Thirty-five studio albums is a number that stops most conversations before they start. For Igor Keller, it’s simply the current count. Under the Longboat name, the Seattle-based composer has spent decades building a catalog that now exceeds 500 songs — one that spans electronic blues, jazz-influenced pop, film scoring sensibilities, and full orchestral production. Album 35, out now, adds another distinct chapter to that body of work.
The record’s most immediate distinction is structural. Across its runtime, Album 35 moves through three separate timelines — past, present, and future — each carrying its own sonic and thematic weight. That organization wasn’t drafted in advance. It surfaced once the writing and arranging were finished, which makes the coherence of the final sequence more striking. The material found its own logic.
Keller’s background shapes how that logic sounds. A former jazz tenor saxophonist who later moved into film scoring before developing Longboat’s signature blend of structure, narrative, and cultural commentary, he brings a composer’s instinct to every release. That instinct is audible throughout Album 35, particularly in how the live strings interact with the electronic instrumentation. String sessions for Longboat’s orchestral releases have evolved considerably over time — what began as a small ensemble has expanded into a group of symphony and ballet musicians who contribute actively to shaping each track rather than simply performing what’s written.

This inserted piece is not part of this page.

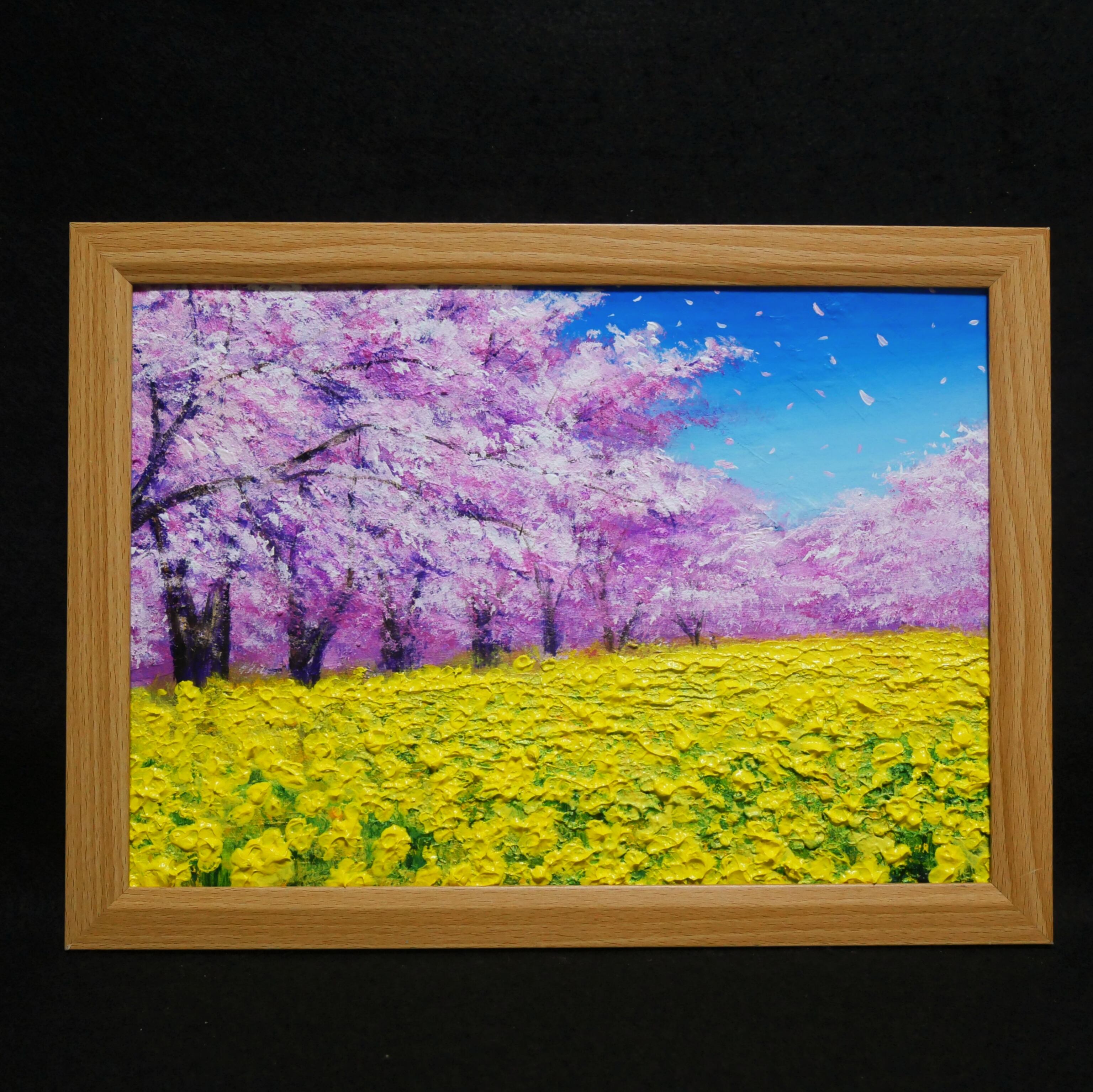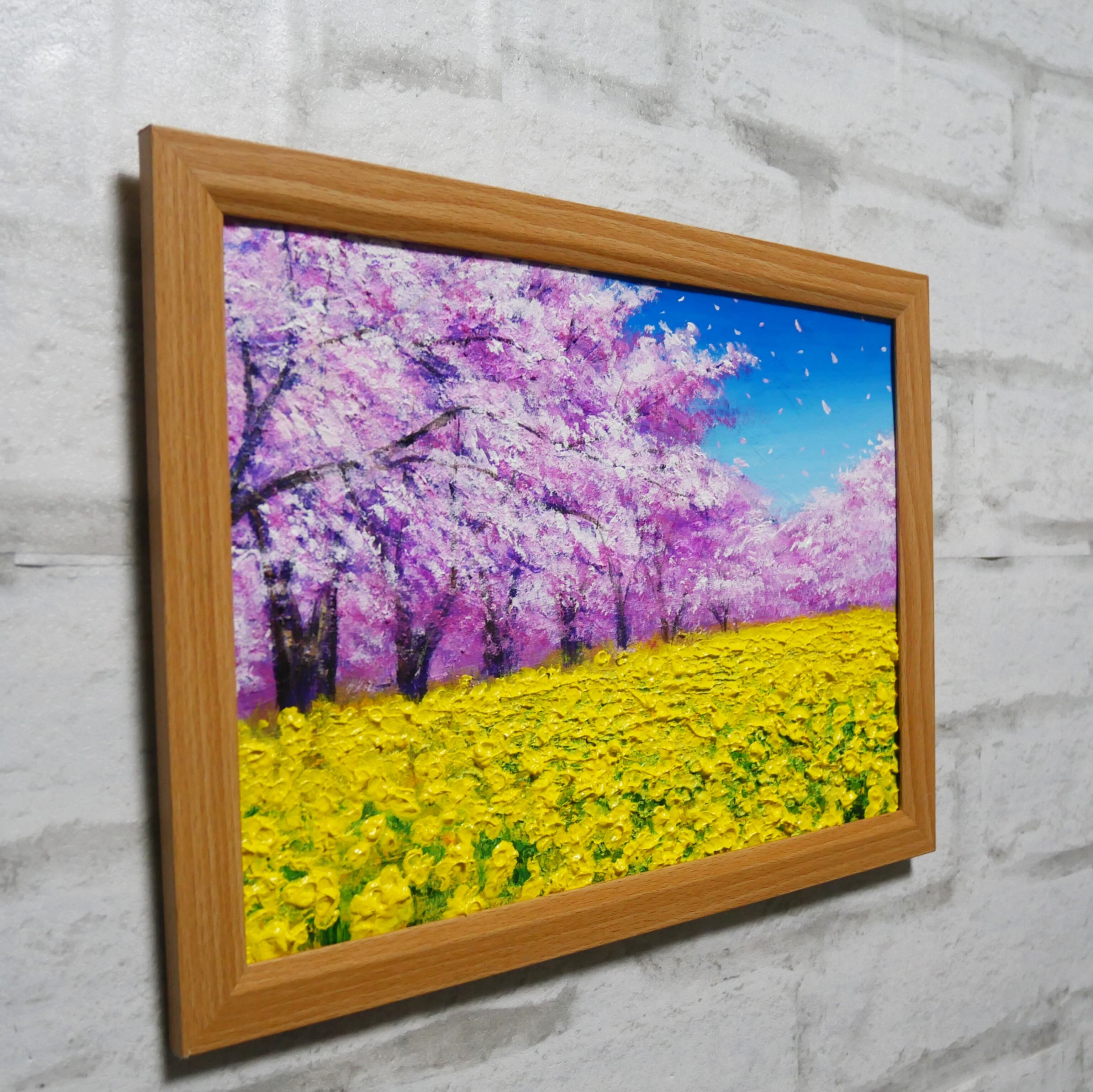 使用されている油絵の具は一流の【ホルベイン】やアクリル絵具【リキテックス】で、色鮮やかな花々の表現が見事に施されています。「桜と菜の花」は、春の生命力と心を和ませる瞬間を感じさせる特別な作品で、あなたを魅了することでしょう。

“Since it is always a joy to create, I don’t measure my progress in milestones or achievements. It’s all part of an evolution that I am always eager to experience; one that pushes me into unfamiliar territory. At this point, I look back at my previous works with satisfaction and look forward to my future projects with great excitement. I will be making much more music in the future.”
Thematically, the album sits in familiar Longboat territory. Wealth, power, technology, and political absurdity have run through the project’s discography for years, and Album 35 approaches that terrain with the same directness that defined recent releases like Word Gets Around and Absentia. Where those records examined media saturation and loss respectively, this one casts its net wider — pulling from historical precedent to frame commentary on the present without tipping into moralizing.
The Longboat catalog keeps moving. Album 35 makes clear it hasn’t found a ceiling yet.